Usually, I reply in only one way. ‘You have kids (and grandkids). I’ve made a conscious decision not to have kids. Parker was my furkid, she was a family member, and is still considered as such. If you choose not to treat your four legged friends with the same level of care that I have chosen to, that’s up to you, but don’t tell me how I should feel about the loss of my pooch. I don’t question your life choices, so what gives you the right to question or deride mine?’ I usually have to shut up at about this point because my next emotional level is ‘utter bitch if you say anything else that is derogatory about my Parker’.
So offended by one woman’s reply to me taking time off work, my mama chimed in that Parker was brought into our family just after she was diagnosed with stage three breast cancer, and not only did Parker provide comfort for me, but she was also a comfort and distraction to her in coming to terms with her diagnosis.
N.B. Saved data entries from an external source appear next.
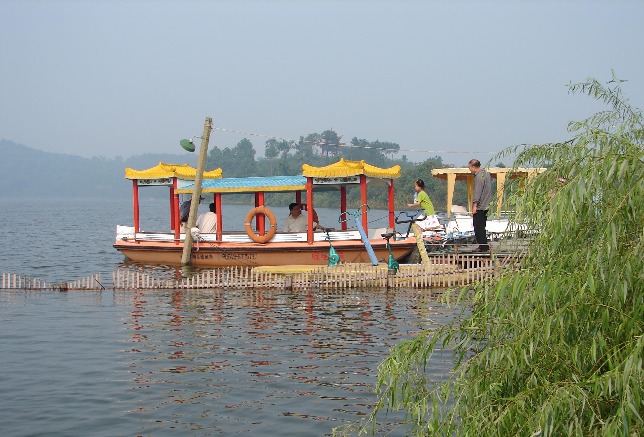 我站在山腰眺望,整個鮑沖湖一覽無余。它如雅潔的處子靜靜地躺在青山綠野之中,湖面一平如鏡,山影云天倒影于湖中更顯亮麗,遠處的小舟飄飄蕩蕩劃曳過來,把水中倒影攪得支離破碎,似乎是印象派畫家有意無意潑撒的各色油彩,既是畫,又是詩,更象夢中的詩畫。湖周平灘曲岸,綠樹蔥郁,游人如織。更遠處,與湖相連的田野綠苗茵茵,象碧綠的地毯一塊一塊平鋪開去,無邊無際。湖中最大的島嶼臥牛島呈現(xiàn)出一副巨人的姿態(tài),迎接著四面八方的來賓。臥牛島上別墅荷花樓在綠樹叢中若隱若現(xiàn),吸引著我劃一葉小舟上了臥牛島,直赴荷花樓。我站在荷花樓上環(huán)顧四周,更有一番景致,群山競秀,峰奇巖險,叢竹密樹,高低錯落。山借湖色愈顯滴翠,湖借山映更是清悠。眼前無限風光宛如一幅巨大的山水畫卷展現(xiàn)在我眼前。這時,童年的故事,童年的夢想,童年的模糊記憶都一下子清晰起來;無數(shù)次鮑沖湖的夢在這時似乎真實起來了,看著眼前秀麗山川,又好象進入美麗的夢境。
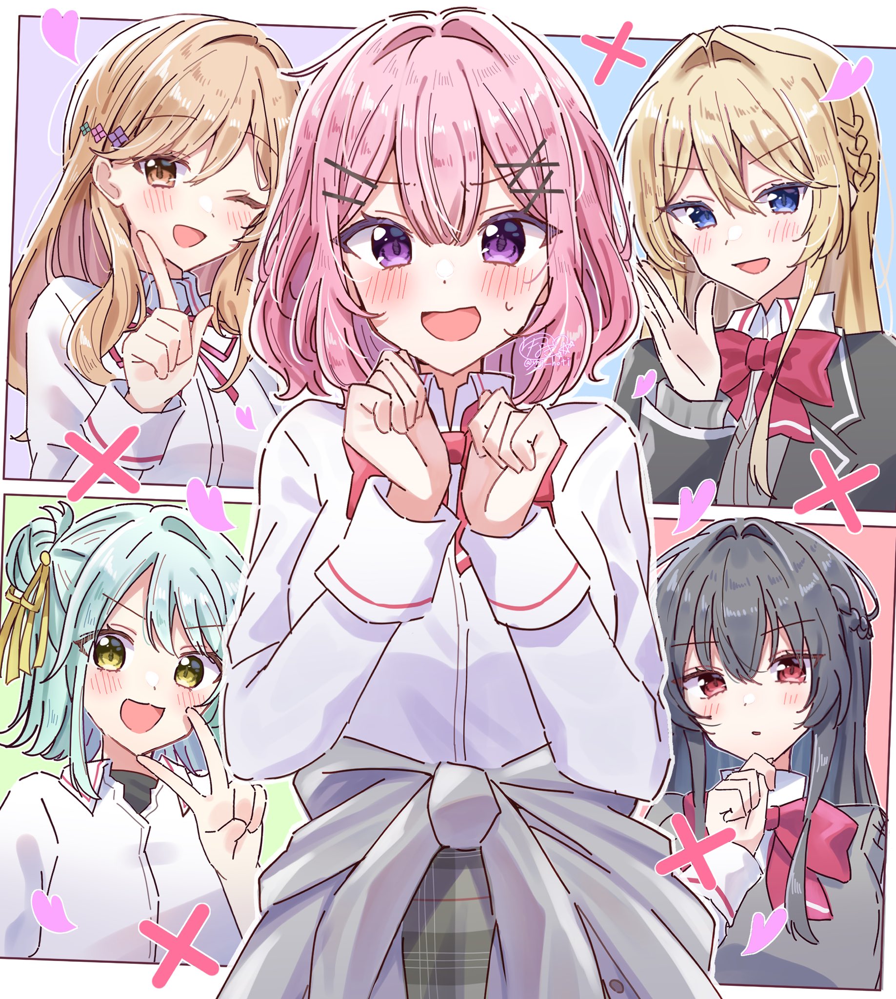 5girls amaori_renako aqua_hair ashigaya_high_school_uniform black_hair blonde_hair blush braid brown_hair cardigan cardigan_around_waist clothes_around_waist hair_between_eyes hair_bun hair_intakes hair_ornament hairclip hand_on_own_chin heart highres koto_satsuki koyanagi_kaho long_hair multiple_girls one_eye_closed ouzuka_mai parallel_hairclips pink_hair school_uniform sena_ajisai short_hair sidelocks single_hair_bun smile sweatdrop sweater_vest swept_bangs v watashi_ga_koibito_ni_nareru_wake_naijan_murimuri! x_hair_ornament yunagi_(yng_hoti)
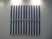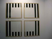 - Peinture acrylique blanche sur tissu rayé blanc et rouge, Septembre, 1971,
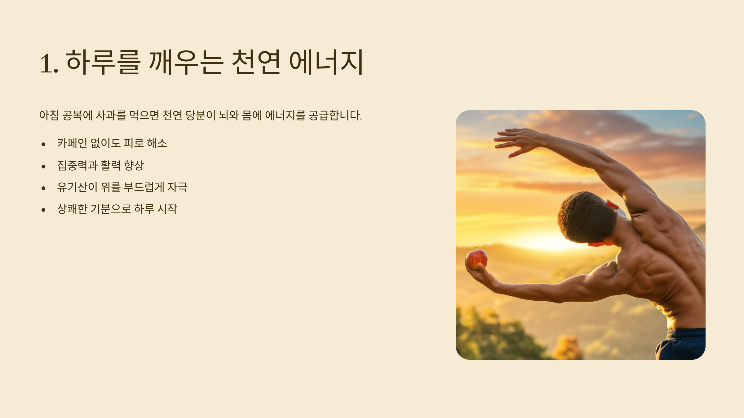 아침 공복 상태에서는 혈당이 낮아져 피로감이 생기기 쉽습니다. 이때 사과에 들어 있는 천연 당분인 과당과 포도당이 빠르게 에너지를 보충해줍니다. 커피를 마시기 전 사과 한 입만으로도 잠이 깨고 두뇌가 맑아지는 효과를 느낄 수 있습니다.
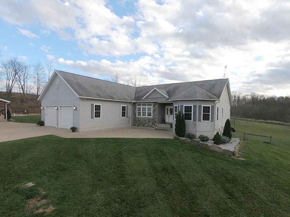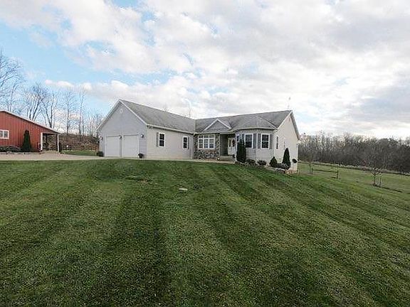 Gorgeous 11 acre mini farm, ranch home w/2500+ SF, detached workshop/garage w/heat & BA, horse barn w/2 stalls, fenced back yard, pasture, 2 ponds, 4 acres of woods, in-ground swimming pool & much more! Spacious home w/beautiful hardwood flooring, custom cabinetry, and open floor plan. First floor master features his/her walk-in closets, bath w/both shower and tub. 3 more beds and 1.5 baths on the main level as well as an office space. Walkout basement is plumbed for another bathroom, and has a wood burning stove for winter warmth. All the amenities of country living with plenty of room to roam and enjoy the outdoors. Don't miss this off-the-beaten-path mini farm!
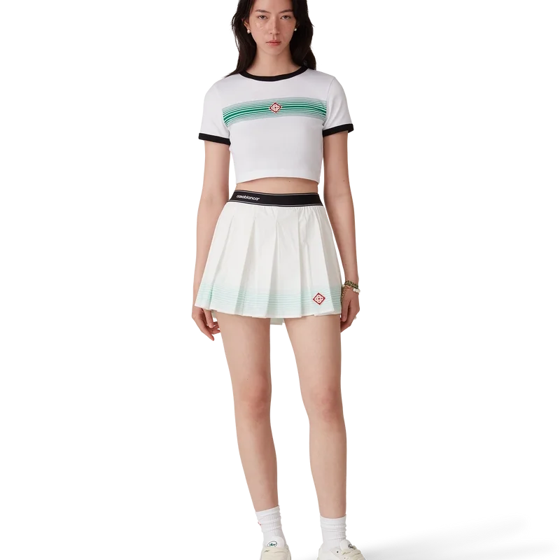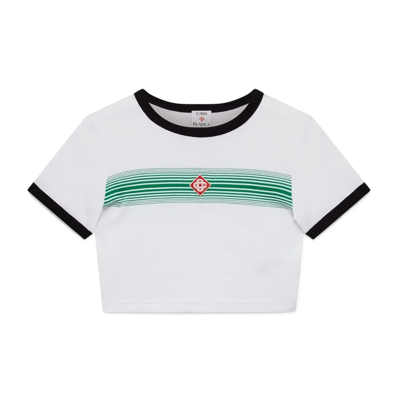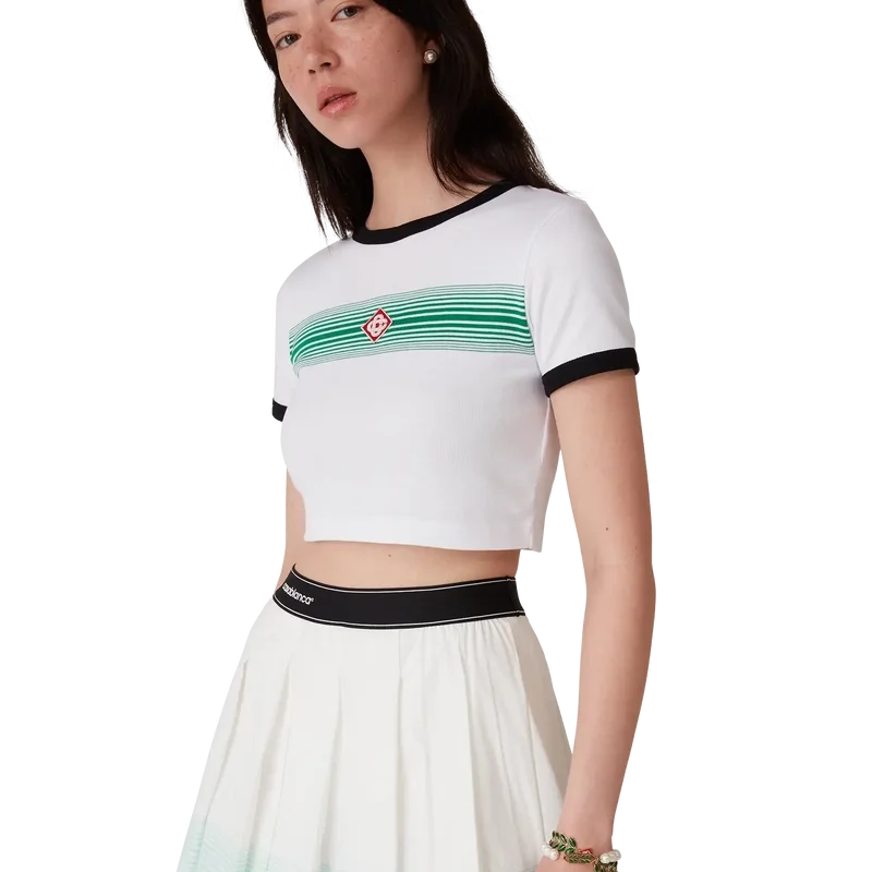 Das T-Shirt mit gestreiften Rippbündchen und Farbverlauf ist ein figurbetontes Design mit dem aufgesetzten Diamant-Logo des Hauses. Es ist aus Baumwollstoff gefertigt und verfügt über einen klassischen Rundhalsausschnitt sowie kontrastierende Rippbündchen an Kragen und Ärmeln.

This usually shuts people up. Not that either of us should need a reason to feel the loss, and be grieving for my furkid. Don’t get me wrong, Parker is not the first pooch I’ve had that’s passed on – there were three Red Cloud Kelpies before her, none of them ever reaching the age that Parker lived to though, and she was specifically mine not ‘our family pooch’. I made the decision to get another pooch; I chose her (or maybe she chose me); Parker was my responsibility. She was my baby.
There are a lot of women and men these days who have chosen not to breed, but to commit to looking after a four-legged baby instead. Lots of people have made, and are making this choice. And before anyone posits the question ‘what does your mama say about it all?’, my mama was quite happy to say that she had a furry, four-legged grandchild, and she was more than happy that Parker is the only sort of grandkid she was going to get out of me.
So, my beautiful, furry, lil ol’ lady Border Collie now sits in her pewter cremation urn on a special cabinet that I bought, and placed exactly where her poochy mattress used to be beside my recliner. I can still hear her around the house, I can still smell her, and every now and then I swear I can see her out of the corner of my eye as she wanders around beside us. I’m functioning on automatic pilot, and there are occasions where I’ve gone to tell her that it’s time for dinner, or panicked that I haven’t shut the gate quick enough, or I’ve looked around the yard or the patio to find her or let her into the house . . . and she hasn’t been there, looking at me with the most beautiful brown eyes I’ve ever seen. I won’t get over her passing quickly or, in fact, any time soon. To be honest, I don’t expect that this is something I’ll ever actually get over. And to my mind, that’s exactly how it should be.
My Parker . . . She was a beautiful, intelligent, sensitive, playful, loving, appreciative, cuddly, smoochy, furry girl. And I miss her to death.